Run the `go_benchmark.sh` and `rust_benchmark.sh` scripts to compare different compilation methods for the Ethereum state transition function. These scripts will:



1. Compile Rust and Go implementations using various methods

2. Execute the compiled binaries under QEMU with the `libinsn` plugin to count instructions

3. Save instruction counts for each compilation method to `go_benchmark_results.txt` and `rust_benchmark_results.txt` (see "total insns" in those files)



See the scripts for implementation details.

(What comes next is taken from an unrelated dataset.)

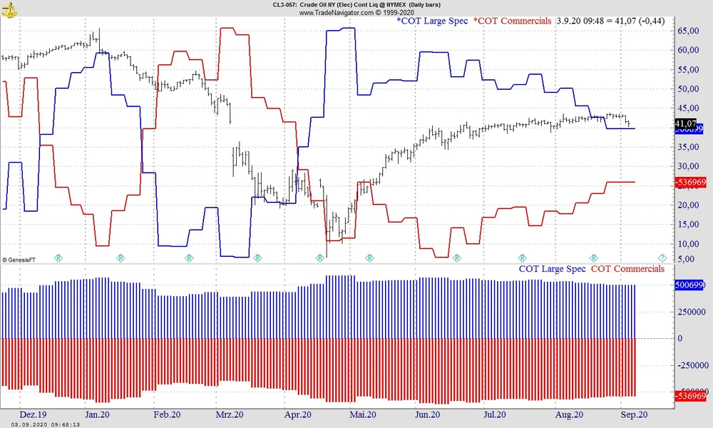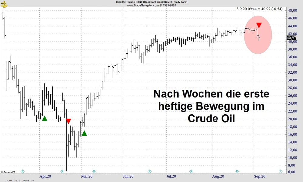 Wir erinnern uns noch gut an die vollkommen wilde Zeit im Crude Öl Handel, als es Anfang März 2020, mit dem Beginn der Corona Krise, zu einem unglaublichen Einbruch im Ölmarkt kam. Der Öl-Future war ein nicht mehr handelbares Volatilitätsmonster, mit Tagesschwankungen von mehr als 20 Prozent und einem negativen Mai Kontrakt, was alles bisher Dagewesene in den Schatten stellte. Seit Anfang Juni 2020 ist es jedoch zu einer Beruhigung gekommen und der Crude Öl Future handelt seit nunmehr 3 Monaten im Schlaftablettenmodus seitwärts um die 41 US-Dollar Marke. Am Mittwoch, 02.09.2020, brach der Oktober Kontrakt nach der Bekanntgabe der Öl-Inventories, die niedriger als erwartet ausfielen, in der Spitze um mehr als vier Prozent ein. Wir gehen von einem weiteren Rückgang im Crude Öl aus, da nach den niedriger als erwarteten Lagerbeständen, vermeintlich positive Nachrichten zum Verkauf genutzt werden und der bullische Effekt der Hurrikan-Saison auch limitiert sein dürfte.

## Benchmark Configurations



The following benchmarks were performed:



- **w2c2 -O0**: WASM transpiled to C with `w2c2`, then compiled with GCC using `-O0` optimization for Linux `rv64imad`

- **w2c2 optimized**: WASM transpiled to C with `w2c2`, then compiled with GCC using higher optimization levels for Linux `rv64imad`

- **directly**:

  - Rust: `cargo build --target riscv64gc-unknown-linux-gnu --release`

  - Go: `GOOS=linux GOARCH=riscv64 go build`

- **wasmtime**: WASM compiled with `wasmtime` using Cranelift backend to a `riscv64gc` precompiled ".cwasm" file, then executed using the `wasmtime` runtime on Linux

- **wasmer (cranelift)**: WASM compiled with `wasmer` using Cranelift backend to a `riscv64gc` precompiled ".wasmu" file, then executed using the `wasmer` runtime on Linux

- **wamr -O0**: WASM compiled with `wamr` using LLVM backend with `-O0` optimization for bare-metal `riscv64ima`



The following critical benchmarks could not yet be performed due to issues in `wasmer` and `wamr`:



- **wasmer (llvm)**: WASM compiled with `wasmer` using LLVM backend to a `riscv64gc` precompiled ".wasmu" file, then executed using the `wasmer` runtime on Linux

- **wamr -O3**: WASM compiled with `wamr` using LLVM backend with `-O3` optimization for bare-metal `riscv64ima`



Since these critical benchmarks could not be performed on RISC-V, they were performed on AArch64 with the expectation that those results would allow us to extrapolate potential RISC-V performance.



See the "Known Issues" section for details.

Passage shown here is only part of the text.